Dopo una lunga pausa in Italia, tra Borgo San Dalmazzo e Torino, padre Massimo Miraglio, è tornato ad Haiti, dove opera come missionario da quasi venti anni.
Complicato il viaggio di rientro, posticipato a lungo per la grave situazione di violenza in cui è sprofondato il paese con l'avvento di bande armate che tengono sotto scacco la capitale Port-au-Prince e le principali vie di comunicazione. E, come se non bastasse per un paese dove la povertà è una piaga diffusa così come l'instabilità politica, si è aggiunto il passaggio dell’uragano Beryl che sta devastando i Caraibi.
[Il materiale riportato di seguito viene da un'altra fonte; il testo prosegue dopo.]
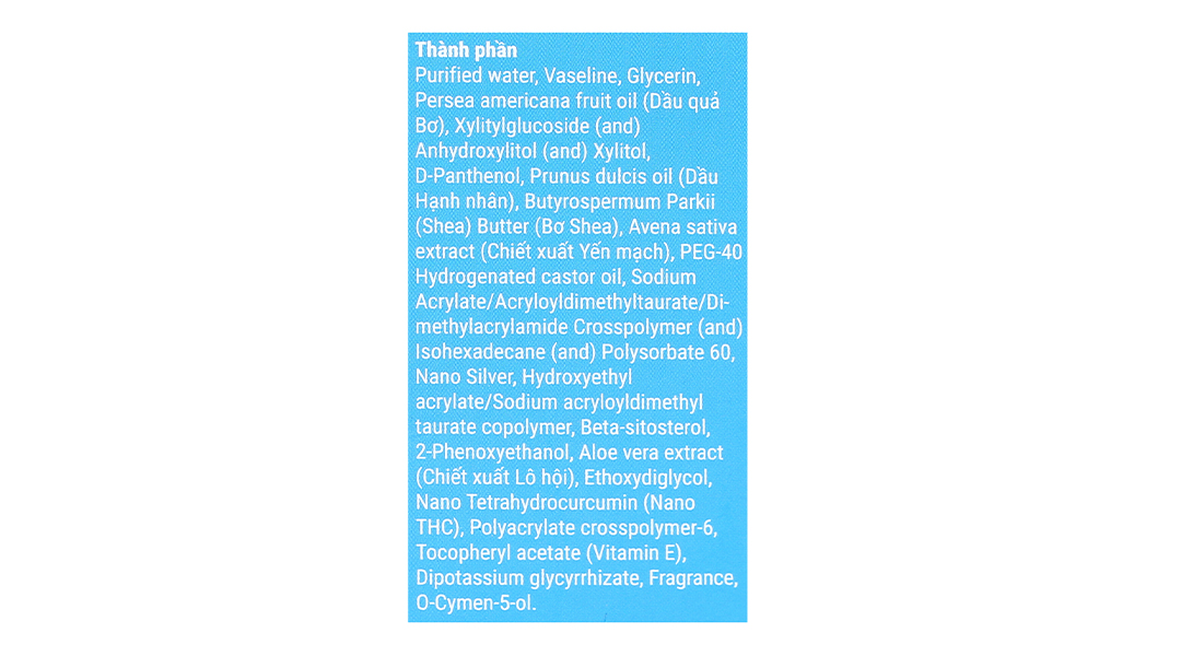 Purified water, Vaseline, Glycerin, Persea americana fruit oil (Dầu quả Bơ), Xylitylglucoside (and) Anhydroxylitol (and) Xylitol, D-Panthenol, Prunus dulcis oil (Dầu Hạnh nhân), Butyrospermum Parkii (Shea) Butter (Bơ Shea), Avena sativa extract (Chiết xuất Yến mạch), PEG-40 Hydrogenated castor oil, Sodium Acrylate/ Acryloyldimethyltaurate/Di-methylacrylamide Crosspolymer (and) Isohexadecane (and) Polysorbate 60, Nano Silver, Hydroxyethyl acrylate/Sodium acryloyldimethyl taurate copolymer, Beta-sitosterol, 2-Phenoxyethanol, Aloe vera extract (Chiết xuất Lô hội), Ethoxydiglycol, Nano Tetrahydrocurcumin (Nano THC), Polyacrylate crosspolymer-6, Tocopheryl acetate (Vitamin E), Dipotassium glycyrrhizate, Fragrance, O-Cymen-5-ol.
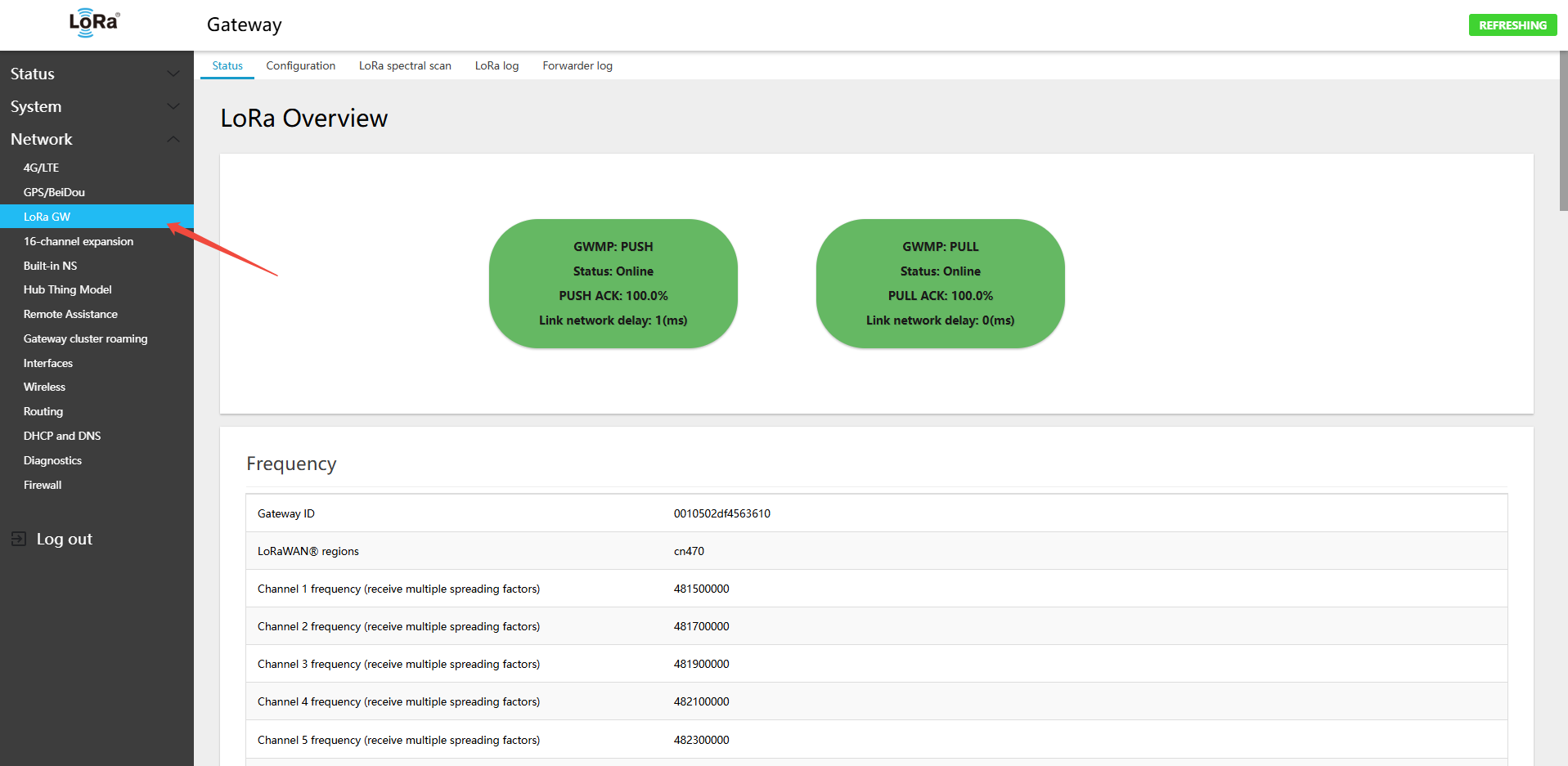 - On the gateway: Network → LoRa GW → Status — view the gateway-to-server connection status. (Because PUSH packets are sent every 30 s, click Save & Apply and wait 1 minute before viewing ): check online status
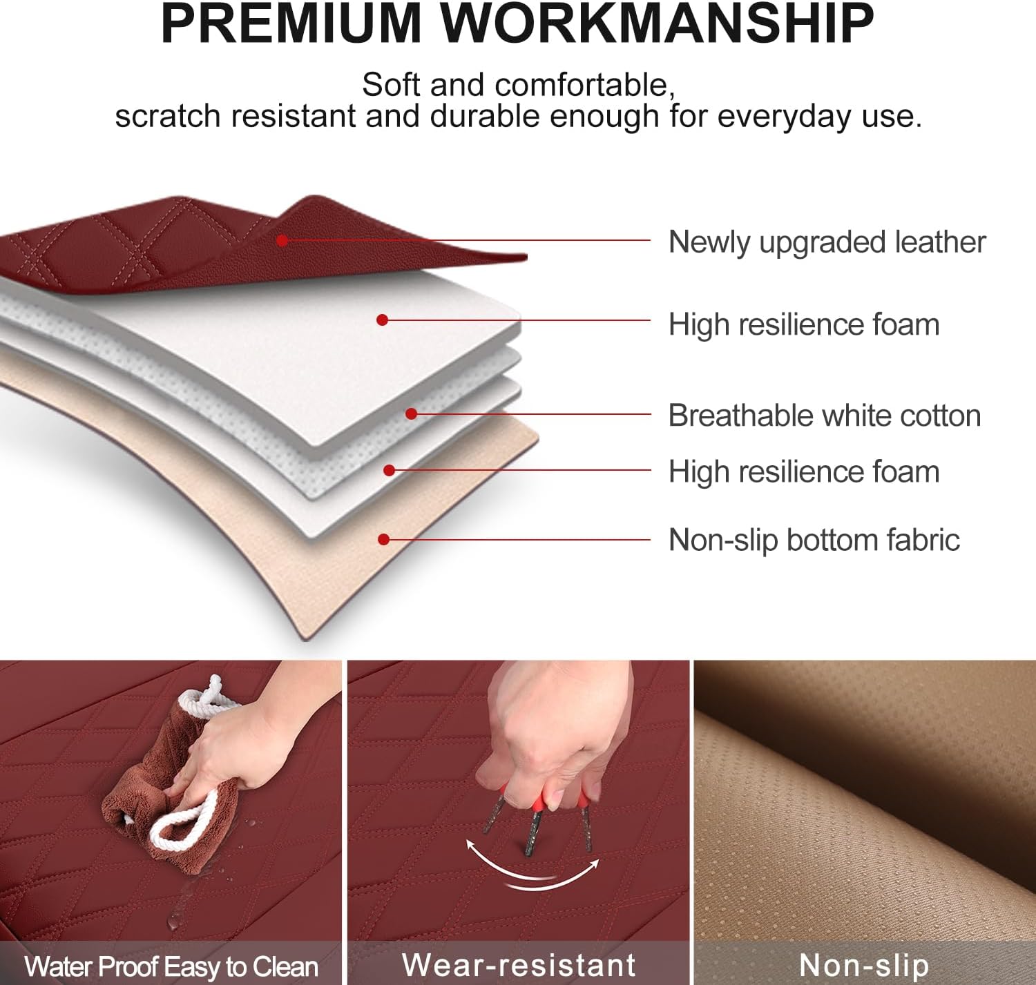 - PU Leather Soft & Durable: Our bottom seat covers for cars are made of soft PU leather, providing soft and durable protection for your car interior for long-term use. A built-in layer of elastic sponge provides maximum comfort for your hips during your driving. When the bottom car seat covers get dirty, just wipe them gently with a dry towel.

Il sacerdote camilliano di 57 anni, originario di Borgo San Dalmazzo, ha trovato un'accoglienza meravigliosa, ma una situazione grave nella piccola località di montagna di Pourcine dove è parroco dal 2022. Come ha raccontato all'agenzia Fides, organo di informazione delle Pontificie Opere Missionarie: “Purtroppo la zona della parrocchia di Nostra Signora del Soccorso è quella più danneggiata della costa sud dell’isola di Haiti in quanto si trova tra due finestre di vento. In particolare sono andate distrutte le coltivazioni, alberi da frutta, banani, mais, arrecando gravi danni per la già precaria sicurezza alimentare ed economica della gente. Le piantagioni di fagioli, l’alimento di base della popolazione, sono state duramente colpite soprattutto dove erano già stati piantati”.
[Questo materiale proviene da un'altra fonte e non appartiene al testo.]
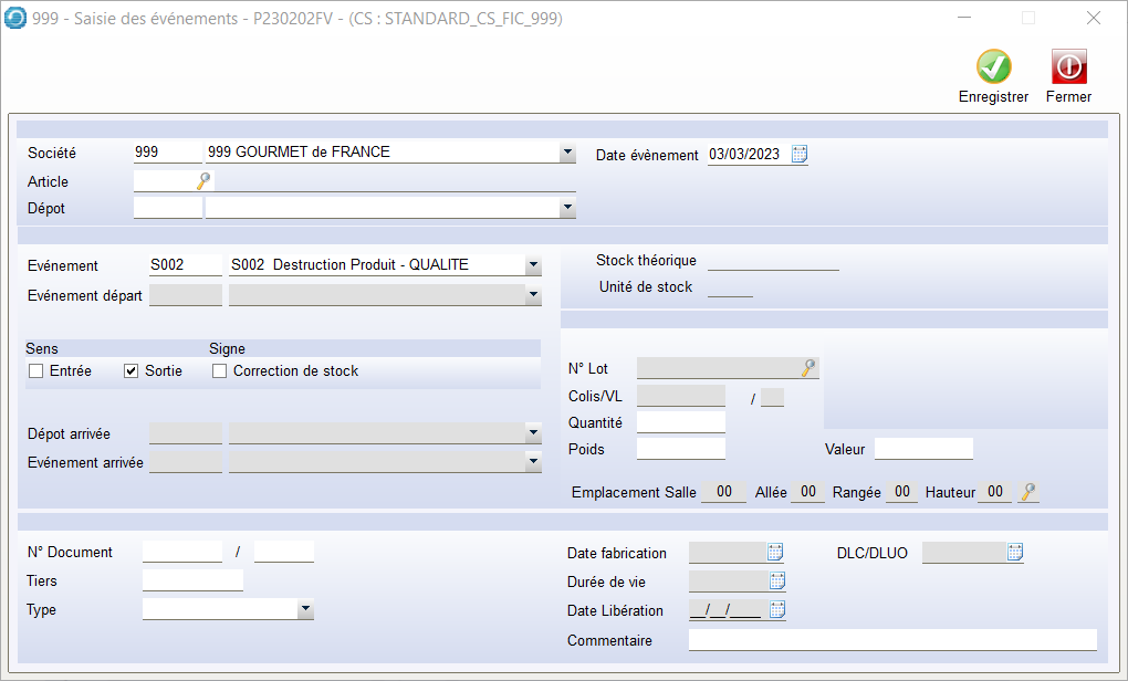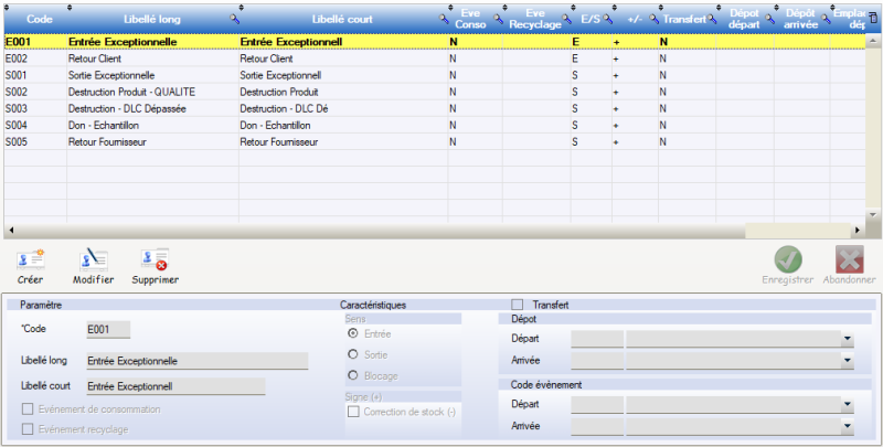 - Cette fonction permet de gérer des Évènements stocks autres que ceux générés automatiquement par les flux logiciel. Il est conseillé d’utiliser des codes évènements différents afin de pouvoir distinguer ce qui est issu des flux de ce qui est issu de la saisie exceptionnelle.
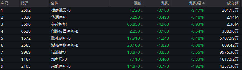 生物医药板块走低,歌礼制药-B跌超6%,派格生物医药-B跌超6%,银诺医药跌超5%。

Non ci sono case da distruggere ad Haiti, paese già martoriato dal terribile terremoto di magnitudo 7 del 2010, poi l'uragano Matthew nell'ottobre 2016, e ancora il terremoto nel 2021. Catastrofi che avevano buttato a terra quel poco che era rimasto in piedi: “Ne consegue, in realtà, che la gente vive in rifugi, piccole casette fatte in modo artigianale, con del materiale molto povero – aggiunge padre Miraglio -. La maggior parte sono coperte da lamiere e hanno resistito all’impatto. Quelle più seriamente danneggiate sono quelle delle famiglie più povere che non hanno nessun tipo di copertura. Sono andate distrutte anche le lamiere della scuola nazionale”.
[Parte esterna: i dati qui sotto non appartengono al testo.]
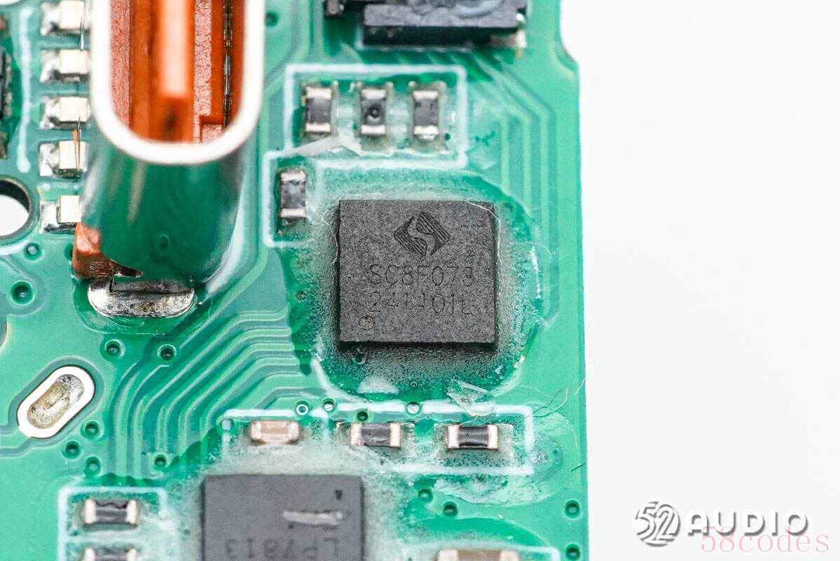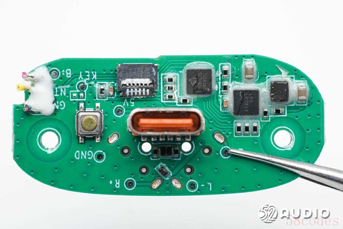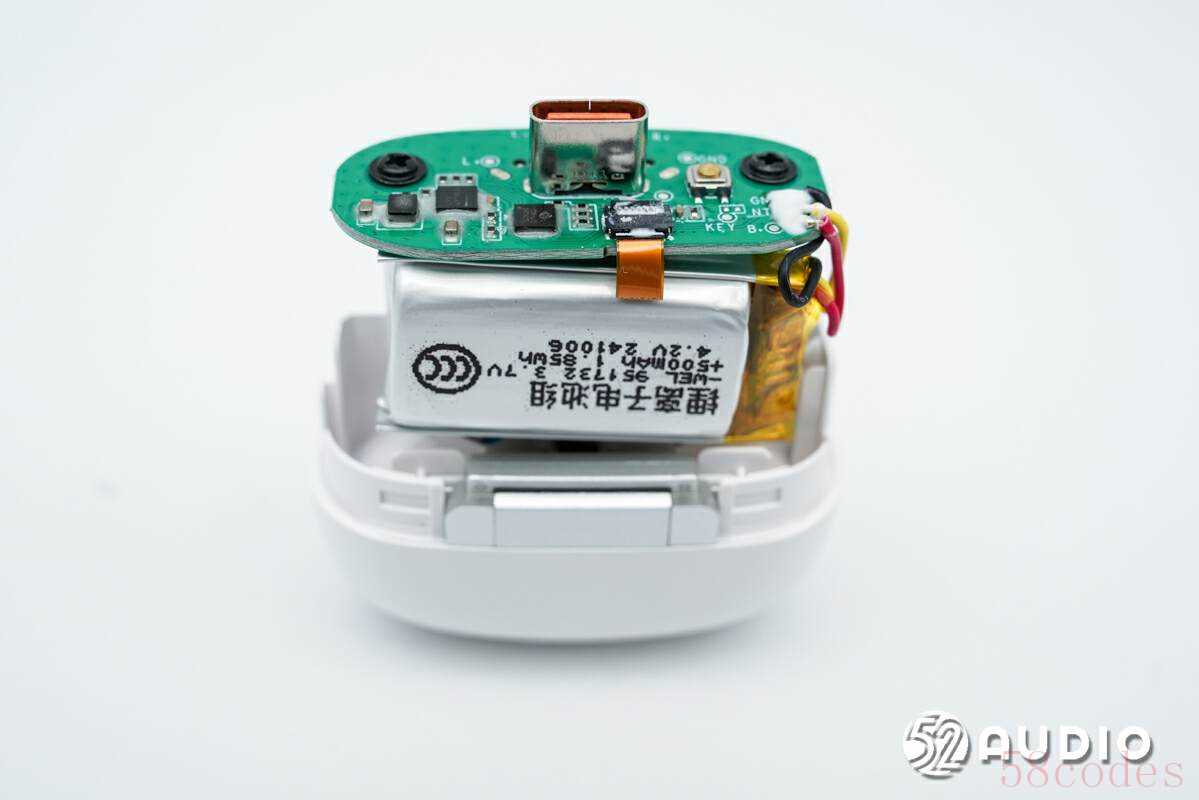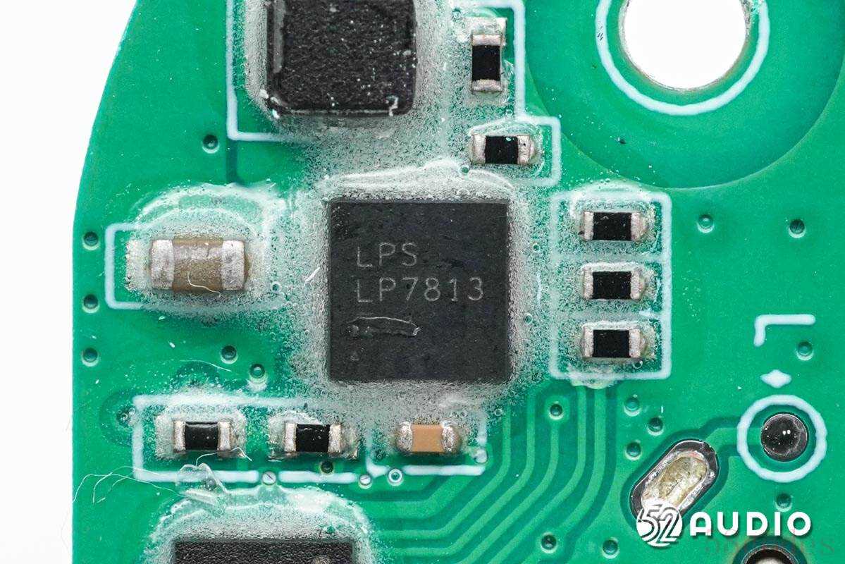 内部主要配置方面,充电盒搭载了WEL旭航诚500mAh锂电池组,采用了LPS微源半导体LP7813智能TWS充电仓管理IC负责充放电管理,支持30V高耐压,支持耳机电压跟随充电,有效提升充电效率15%左右,从而延长整机续航时间;还采用了Cmsemicon中微半导体SC8F073系列单片机,负责整机控制。
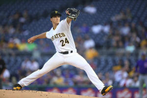 Pirates starting pitcher Tyler Glasnow (24) delivers a pitch against

Il problema più grosso rimane quello di non avere un posto dove andare eventualmente a rifugiarsi: “Se dovessero passare altri uragani e dovessero colpirci più duramente di questo, soprattutto di notte, sarebbe molto difficile mettersi in salvo perché non c’è un punto di raccolta e riparo per la gente. Ed è questo uno dei punti sui quali ci stiamo concentrando. Sicuramente non ce la faremo per quest’anno ma entro il prossimo anno vogliamo provare a vedere come poter fare una piccola costruzione adatta ad accogliere la popolazione. In caso di uragani veramente forti ci sarebbe l’alto rischio di gravi perdite di vite umane, tra alberi che cadono, lamiere che volano dappertutto, in mezzo al fango e ad un terreno molto accidentato diventa molto difficile salvarsi”.
“Inoltre – conclude il Camilliano - tra le priorità c’è anche quella di costruire una chiesa che diventerebbe sala comunitaria, di incontri e soprattutto luogo di rifugio in casi di disastri ambientali. Purtroppo la località di Pourcine si trova in un posto molto favorevole al passaggio degli uragani”.